April 16, 2005           Section(s): Frontpage         


The Brunswick News

Students at Goodyear Elementary School won't be spending any more playtime on the school grounds this April and May.

A federal government report raising questions about the possible presence of toxic chemicals in the soil around Goodyear has prompted school officials to confine physical education activities to the gymnasium and a public park on Parkwood Drive, about a half-mile from the school.

The decision to abandon the playground comes after elevated levels of polycyclic aromatic hydrocarbons, large quantities of which may lead to cancer, were discovered in the soil at the school, located at the corner of Parkwood Drive and U.S. Highway 17. A precise source of the chemicals was not identified.

The playground will be closed as a precautionary measure until further tests are performed on the soil, said Jim Weidhaas, public information director for Glynn County's schools. More testing will likely be conducted during summer break, he said.

The decision to keep students inside was made this week by interim school superintendent Delacy Sanford and Goodyear Principal Carla Hall.

It follows a recently released report from the U.S. Department of Health and Human Services' Agency For Toxic Substances and Disease Registry, which characterizes Goodyear Elementary as an "indeterminate public health hazard." The report is based on analysis of soil testing performed in 2002

In a letter sent home to parents of Goodyear students Friday, Sanford noted that there is not enough information at this time to determine if a health risk exists.

However, he added, "The Glynn County School System takes this new report very seriously."

Although the report says the limited data available does not indicate humans have been exposed to levels of contamination that would be expected to cause adverse health effects, it says more tests are needed.

New soil was brought in to cover the grounds at Goodyear and new grass planted after the school was rebuilt in the late 1990s.

Dick Newbern, a parent with three children at Goodyear, became aware of the situation when his 8-year-old son came home from school this week and told him he and his friends weren't allowed to play outside.

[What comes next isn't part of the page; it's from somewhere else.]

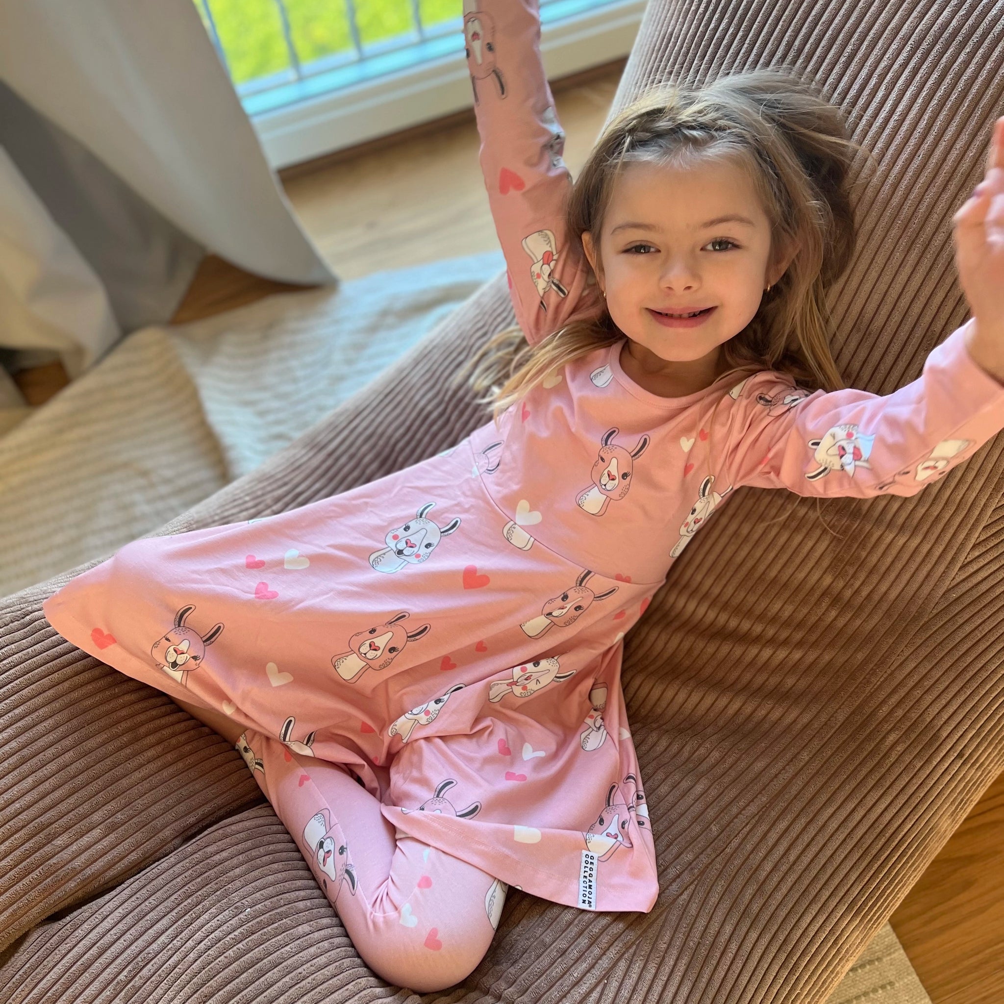 Leggings i bambu-strikk med justerbar strikk i midjen. Match med t-skjorte, gensere eller kjole. Bambus er et miljøvennlig materialvalg, det dyrkes helt organisk uten plantevernmidler og er 100 % biologisk nedbrytbart. Bambus er behagelig mot huden og lar huden puste. Dets termiske egenskaper, som ull og silke, gjør at materialet føles varmt når det er kaldt og kaldt når det er varmt – et perfekt materiale for barneklær.

"I talked to the board of education and the Glynn Environmental Coalition and as far as I can tell, there's no reason for panic," said Newbern, who also serves on the Goodyear school council. "I think parents need to be level-headed about this."

Polycyclic aromatic hydrocarbons, byproducts of burning coal, oil, gas or garbage, have been linked to reproductive and skin disorders in animals. They are also thought to increase the risk of cancer in animals and humans.

In addition to Goodyear, tests were performed at Burroughs-Mollette Elementary School, Risley Middle School and Edo Miller Park. No hazard was found at any of those sites.